__EXERCISE BRIEF__
The response should repeat word for word every line below from the one with "COCOBELLA新中式手工盘扣衬衫暗纹人丝国风衬衣开衫SR0036-5" to the one with "Translucent clear tab", inclusive, and nothing else; leave pictures out.

__SUPPLIED ENTRIES__
++++++++

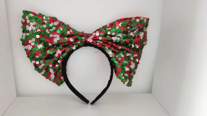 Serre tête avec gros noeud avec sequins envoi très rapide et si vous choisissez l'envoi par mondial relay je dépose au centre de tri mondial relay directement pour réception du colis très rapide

++++++++

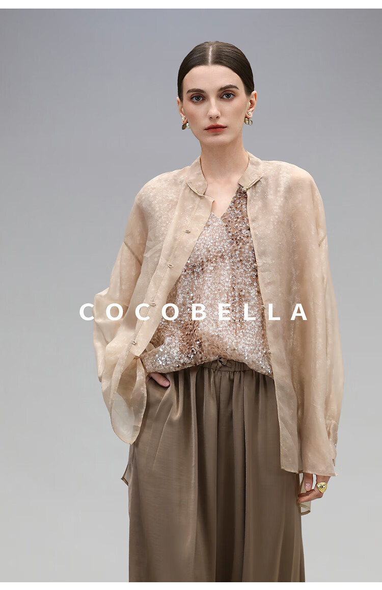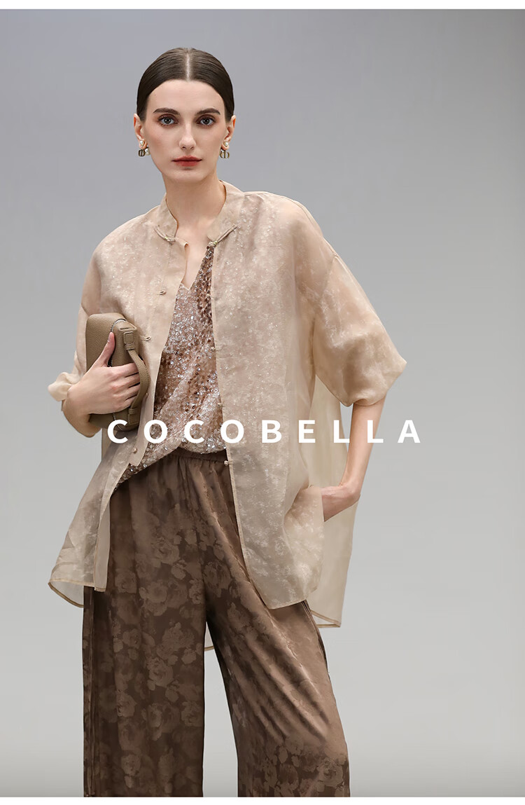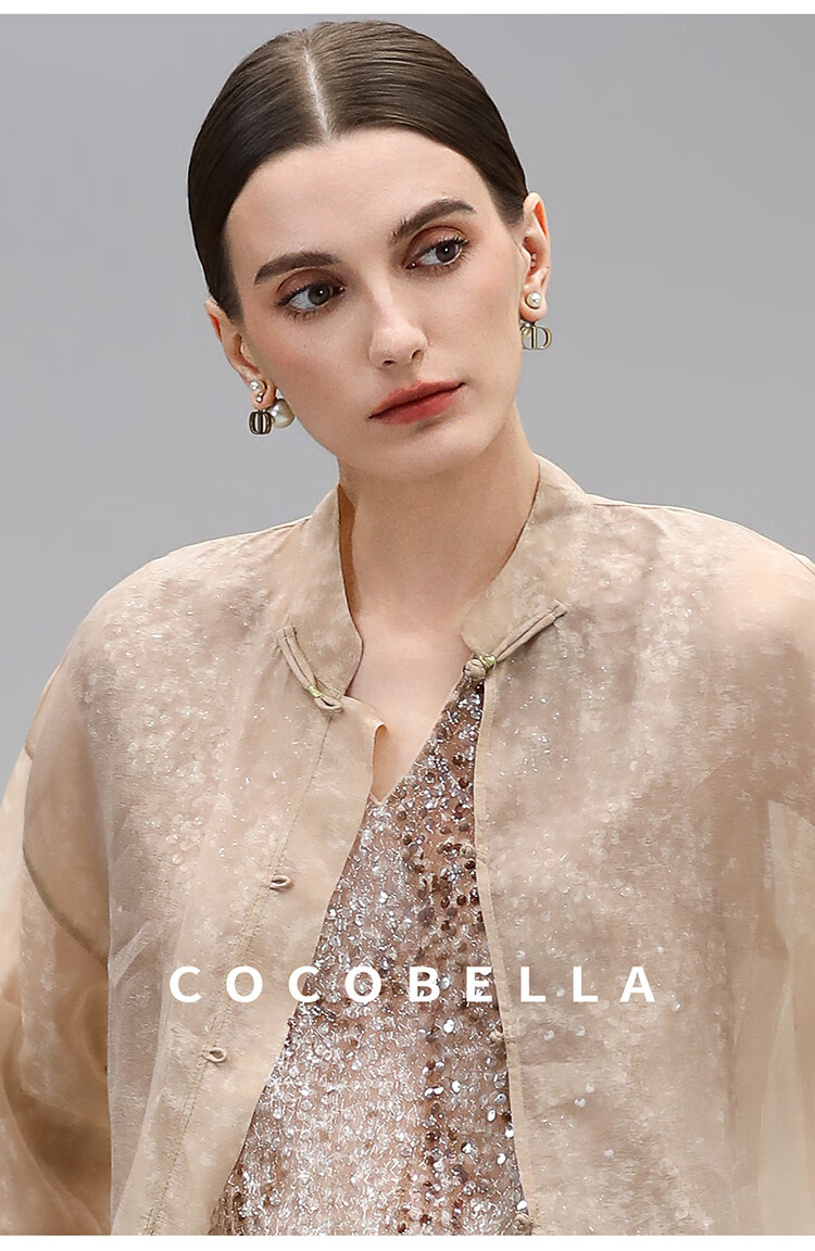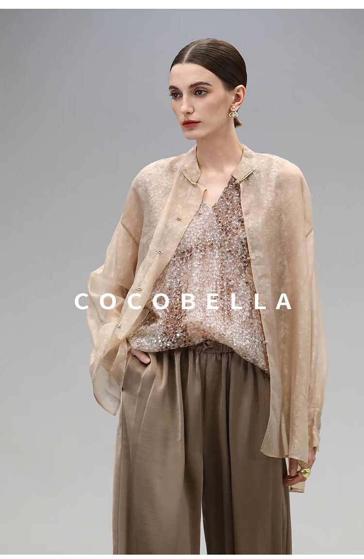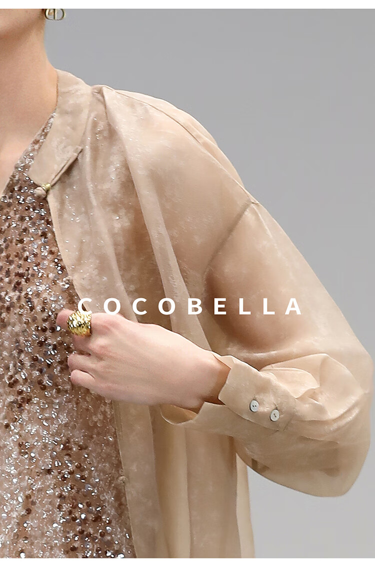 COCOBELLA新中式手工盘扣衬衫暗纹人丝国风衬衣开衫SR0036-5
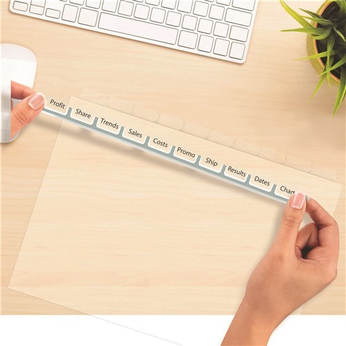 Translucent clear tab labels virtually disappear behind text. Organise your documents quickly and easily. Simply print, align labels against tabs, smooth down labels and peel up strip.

++++++++

__RESPONSE AREA__
 COCOBELLA新中式手工盘扣衬衫暗纹人丝国风衬衣开衫SR0036-5
 Translucent clear tab labels virtually disappear behind text. Organise your documents quickly and easily. Simply print, align labels against tabs, smooth down labels and peel up strip.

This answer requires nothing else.